Severe combined immunodeficiencies (SCID) are a group of rare congenital disorders characterized by the impairment of both humoral and cell-mediated immunity, lymphopenia and low or absent antibody levels. They usually manifest in the first months of life with severe and recurring infections leading to death. Bone marrow transplantation (BMT) needs to be considered as soon as possible after a diagnosis of SCID because these disorders usually run an unpredictable course and may rapidly prove fatal.1,2
Recombination activating gene-1 (RAG-1) and RAG-2 are the two essential and tissue-specific components for the generation of antigen-binding diversity by assembly of the variable (V), diversity (D), and joining (J) domain exons at the inmunoglobulin and T-cell receptor (TCR) gene loci during lymphocyte development. RAG-1 and RAG-2 deficiencies are autosomal recessive diseases (Online Mendelian Inheritance in Man, OMIM™. Johns Hopkins University, Baltimore, MD. MIM number: 179615, 7/12/2002. World Wide Web URL: http://www.ncbi.nlm.nih.gov/omim)3 that result in a functional inability to form antigen receptors through genetic recombination leading to primary inmunodeficiencies in humans. Additionally, patients with SCID secondary to RAG mutations may have Omenn syndrome, characterized by the presence of a substantial number of oligoclonal activated T cells associated with autoreactive manifestations.4
A 4-month-old child, who had no previous family history of SCID, was referred to our hospital after 3 weeks with prolonged fever episodes, laryngitis, sores in palate, tongue, and anal margin. He presented a low height-weight growth. ADA or PNP deficiencies were not identified, but the immunologic findings were consistent with a T-B-SCID. Immunophenotype analysis showed the following percentages and absolute number of lymphocyte subpopulations: CD3+5.5%–72/μl, CD3+CD4+5.3%–70/μl, CD3+CD8+0.2%–3/μl, CD19+7.5%–98/μl, and CD16+CD56+/CD3–87.5%–1149/μl. The serum immunoglobulins were: IgG 62 mg/dl, IgA <2 mg/dl, IgM 11 mg/dl and the proliferative response to several mitogens and anti-CD3 stimulus (stimulus involving TCR) was markedly reduced (except when IL-2 was used as costimulus).
A recombination deficiency was suspected, and the molecular genetic analysis of RAG-1 showed a heterozygous change C1982T in the first base of codon 624, resulting in the conversion of arginine to cysteine (Arg624Cys).5 The second mutation in RAG-1 gene was not found.

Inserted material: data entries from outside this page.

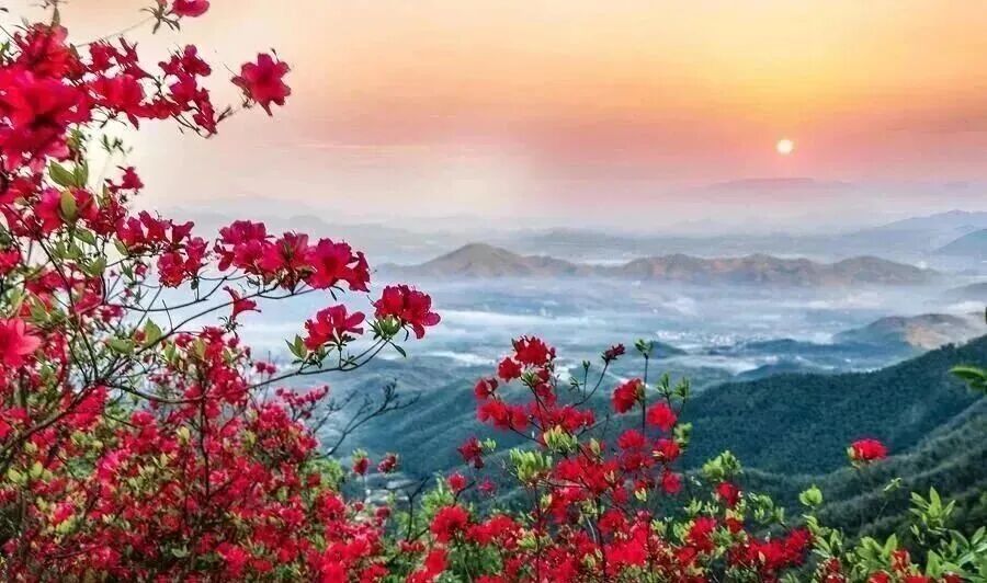 这里的杜鹃多历数十年风霜,枝干苍劲,花繁如锦。深红、玫粉、素白交织错落,开得热烈而烂漫,不沾尘俗,尽是山野清气。每逢三四月间,薄雾轻笼山间,花海若隐若现,一步一景皆入诗,风过处皆是温柔花香。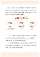以attraction來說,at是表示方向或對象的「朝向」字首ad的變化型(字首ad會根據後面所接續的音而有ac、at、al、ar、ap等變化)。「tract」是代表「拉」的字根,ion是名詞字尾。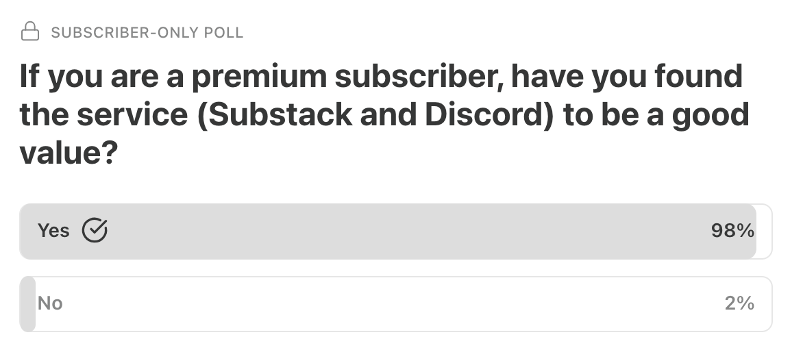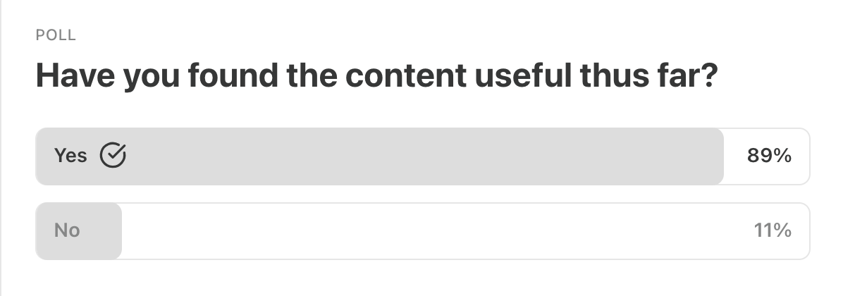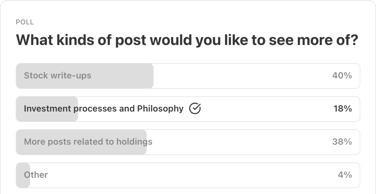 I am surprised that over 10% of respondents felt they did not learn or gain useful insights, especially considering the variety of content provided, such as stock write-ups, investment philosophy, and market memos. Nevertheless, I am committed to improving my output to ensure I consistently deliver high-quality posts for everyone.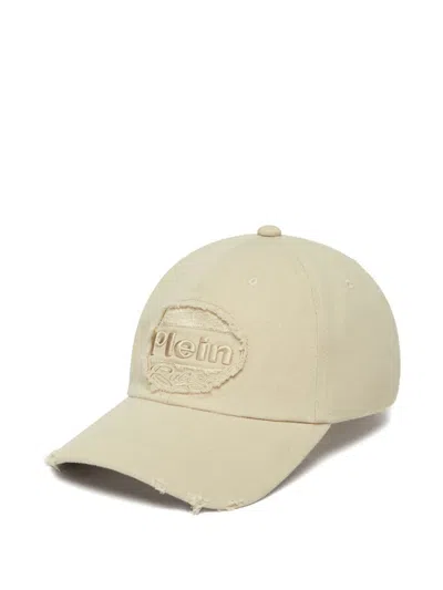 Distressed Plaid Adjustable Baseball Cap In Brown

Before BMT, the patient received an appropriate anti-infections therapy, an intestinal decontamination through nonabsorbable antibiotics, oral antifungal drugs, and immunoglobulins administration. The patient underwent an HLA-identical BMT at 7 month from his healthy brother. The BM was unmanipulated and no conditioning regimen was administered. The patient does not present acute or chronic GVHD.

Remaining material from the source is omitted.